3D printers are more than just toys, used properly they can make highly functional parts and allow you to bootstap up to full CNC machines - I should know, I did just this with my first cheap Geeetech I3 Pro B. But unless you know what you are doing, it can be a bit of a headache. So, I wrote this article to add to the general knowledge base online, with tip and tricks I've figured out over the years.
I'll be talking about standard filament / FDM printers, as that is what I have used, but many of the concepts can be applied to resin printers as well. I will also be assuming a certain degree of knowledge, and will skip over anything that I consider too basic.
We'll start with a simple one, a way to avoid exceeding your printers maximum overhang angle.

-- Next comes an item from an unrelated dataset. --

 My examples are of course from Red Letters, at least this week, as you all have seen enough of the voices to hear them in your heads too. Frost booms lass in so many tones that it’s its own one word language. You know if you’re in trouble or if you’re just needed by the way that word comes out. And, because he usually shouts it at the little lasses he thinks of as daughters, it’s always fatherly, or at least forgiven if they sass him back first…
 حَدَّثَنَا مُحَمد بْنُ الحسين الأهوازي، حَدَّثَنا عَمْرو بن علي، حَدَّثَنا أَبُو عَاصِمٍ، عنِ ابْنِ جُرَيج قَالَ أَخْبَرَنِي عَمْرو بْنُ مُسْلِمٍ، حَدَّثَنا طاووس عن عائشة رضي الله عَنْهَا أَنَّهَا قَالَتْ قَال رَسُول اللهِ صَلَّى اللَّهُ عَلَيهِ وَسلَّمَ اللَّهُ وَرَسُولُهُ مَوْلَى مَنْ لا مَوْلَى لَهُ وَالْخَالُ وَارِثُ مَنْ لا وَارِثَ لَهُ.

This angle is something anyone who owns a 3d printer should already know, and can be figured out with a simple overhang test like this one. Where support is not possible or not necessary, e.g. on circular holes, I add "roofs" instead. Also, if I am printing a threaded hole horizontally, I'll cut it internally (simple extrude after the thread has been modelled) to give the same effect, see below for examples:
Warping is a pain for all materials, and even PLA will warp and peel off the bed if the print is large enough. To reduce this tendency, if you dont have a good enclosure to bring up ambient temperature, add cuts to the base or walls:
(click the images to enlarge)
In the first image, the crosshatching on the base breaks up the contact area with the build plate into a number of discrete islands, the second image shows the same model the cuts running along the sides, top etc of the print, breaking up continuous print lines and allowing these surfaces to move slightly to absorb stresses.

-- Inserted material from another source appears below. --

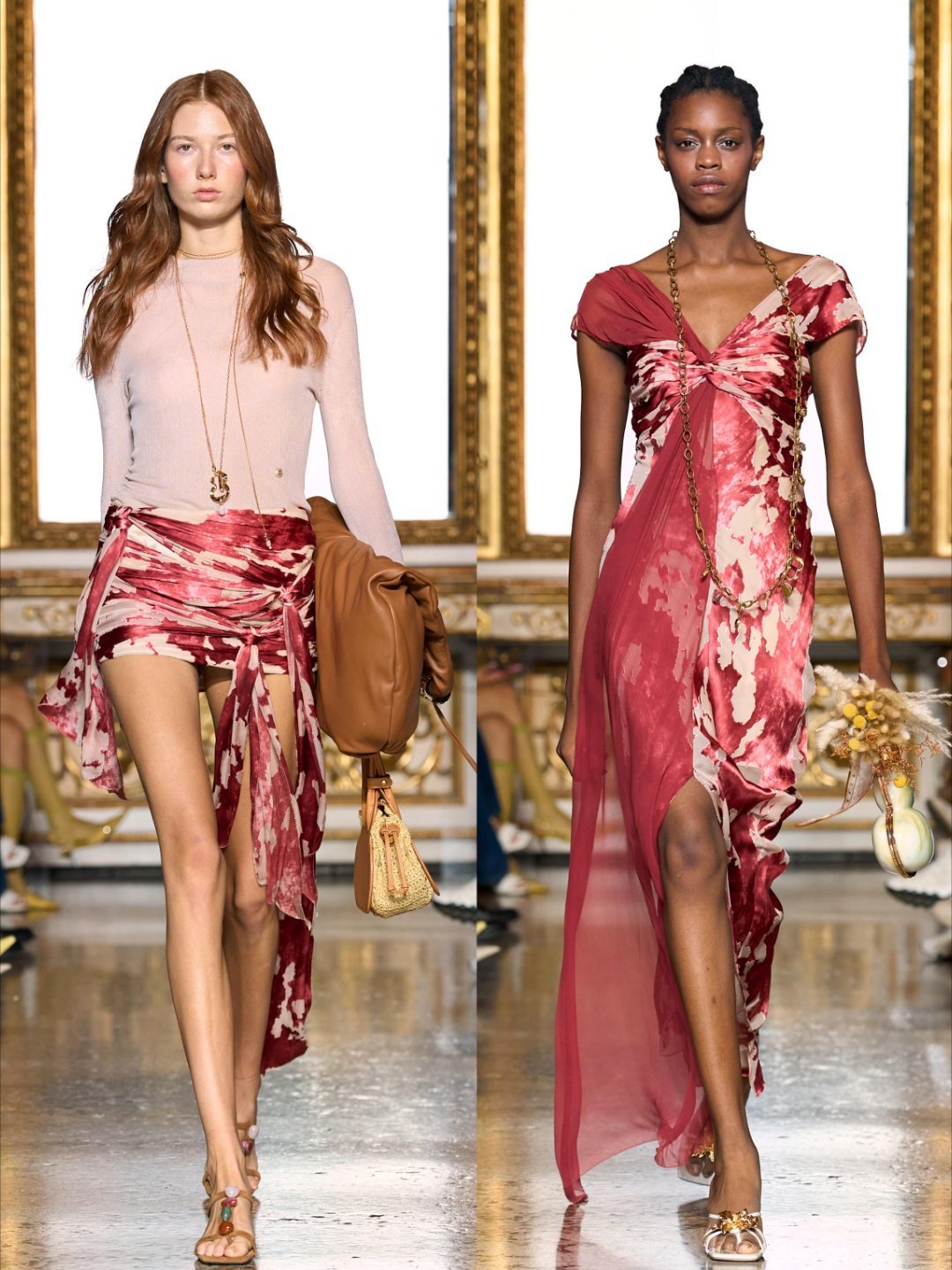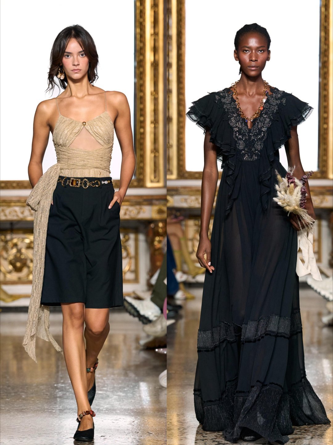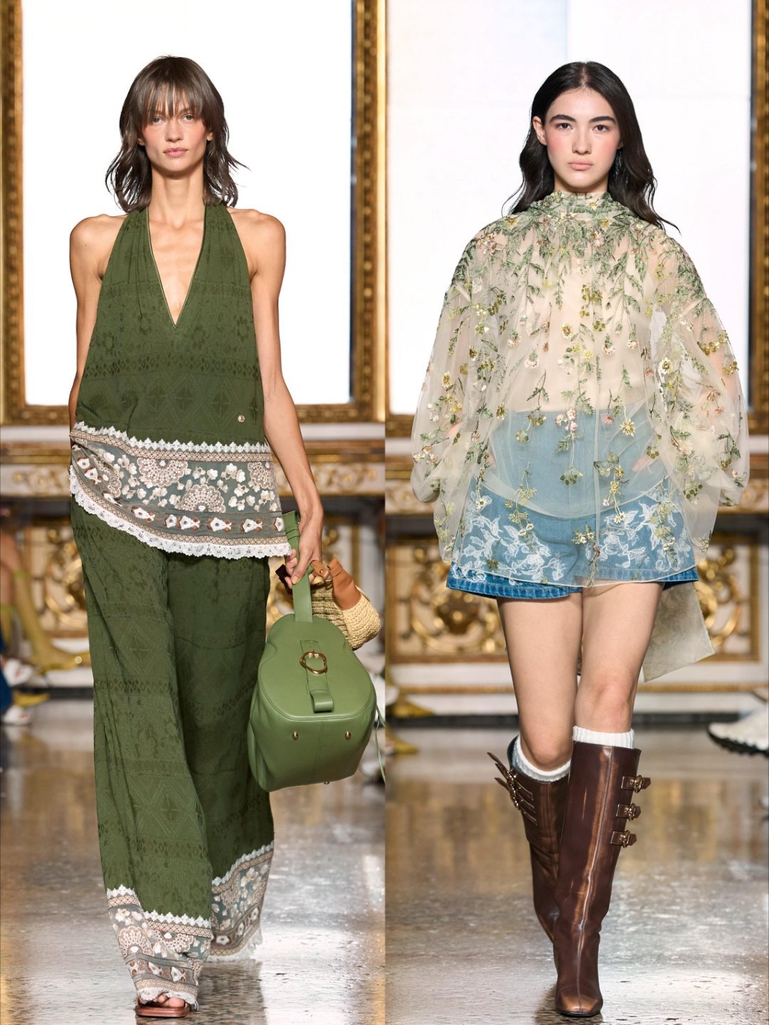 在美学融合上,品牌延续浪漫基因并进一步深化东西方碰撞:欧式巴洛克纹样与东方留白意境巧妙结合,细腻的绣工精准刻画枝头花韵与风吹落樱的瞬间,仿佛将自然场景定格于衣间;面料选择上,丝绸的顺滑、雪纺的轻薄与金属丝网的通透相互搭配,传递出“花开花落自有时”的东方自然哲思。

Each cuts should be at a very minimum deep enough to reach or exceed the wall thickness of the part, so for instance in the first image if I have three layers on the base, each 0.2mm high, then the cuts should be 0.6mm or greater (I made them 1.5mm because there was no drawback to doing so). With the third image, this is a part that was designed to be filled with epoxy granite (see below), and so was printed as thin, solid walls. In this case the thickness of the cuts is at minimum the wall thickness - with an extra vertical cut in the middle that is much deeper.
The final image shows the first model again in Prusa Slic3r, with the choice of infill. This is another thing that is worth considering - if the infill is being printed in continuous lines, from one wall to the other, then as the plastic shrinks and contracts, it will naturally pull in and create warp. So in this case, since I only need the infill to have strength on the Z axis and am not concerned with X and Y strength, I've just chosen the "octogram spiral" in Prusa Slic3r. While not as strong as e.g. triangles, the individual lines are forced to take hard angles, meaning that contraction in the plastic can be more easily absorbed during print.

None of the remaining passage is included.